§ **YOUR TASK**: Lines to return, exactly: from the line with "ホーム画面 > 現物取引" to the line with "Fleur härliga taklampa" in the entries below, both included.

§ **RECORDS**:
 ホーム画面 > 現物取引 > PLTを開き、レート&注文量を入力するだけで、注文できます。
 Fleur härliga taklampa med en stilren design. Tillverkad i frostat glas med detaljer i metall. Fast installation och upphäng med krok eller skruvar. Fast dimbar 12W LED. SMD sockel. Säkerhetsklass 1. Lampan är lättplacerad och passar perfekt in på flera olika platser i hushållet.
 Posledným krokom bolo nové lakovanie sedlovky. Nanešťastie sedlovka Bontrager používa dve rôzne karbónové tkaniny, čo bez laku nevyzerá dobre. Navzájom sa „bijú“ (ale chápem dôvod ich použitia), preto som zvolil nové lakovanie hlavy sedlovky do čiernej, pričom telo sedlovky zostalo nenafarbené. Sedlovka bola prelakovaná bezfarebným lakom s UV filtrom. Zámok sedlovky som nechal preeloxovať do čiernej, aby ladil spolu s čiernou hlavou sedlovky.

...

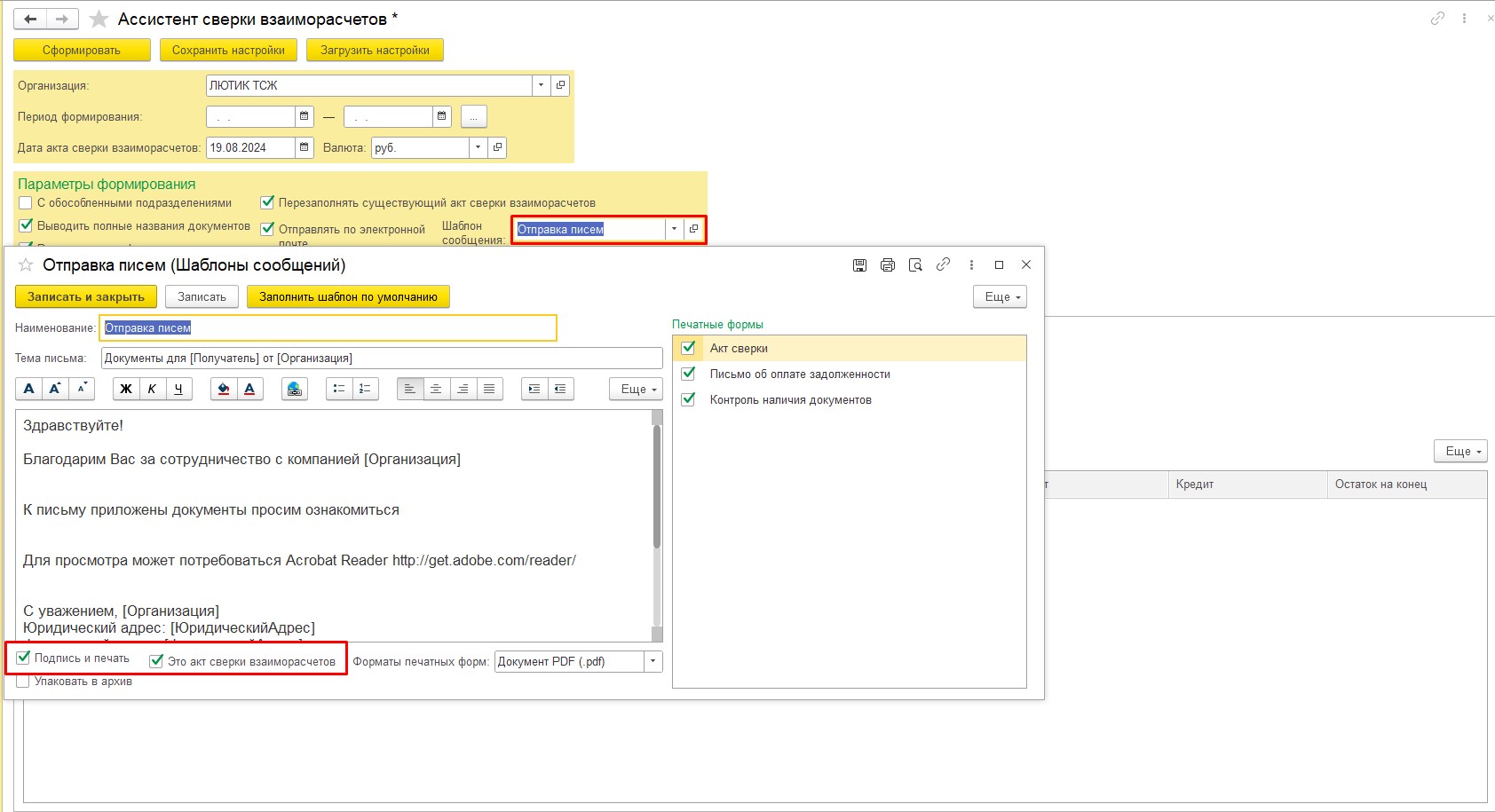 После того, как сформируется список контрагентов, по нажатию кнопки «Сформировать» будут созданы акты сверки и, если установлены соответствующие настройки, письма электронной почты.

---

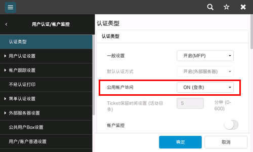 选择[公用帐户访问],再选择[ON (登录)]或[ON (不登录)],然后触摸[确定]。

§ **PROBLEM SOLUTION**:
 ホーム画面 > 現物取引 > PLTを開き、レート&注文量を入力するだけで、注文できます。
 Fleur härliga taklampa med en stilren design. Tillverkad i frostat glas med detaljer i metall. Fast installation och upphäng med krok eller skruvar. Fast dimbar 12W LED. SMD sockel. Säkerhetsklass 1. Lampan är lättplacerad och passar perfekt in på flera olika platser i hushållet.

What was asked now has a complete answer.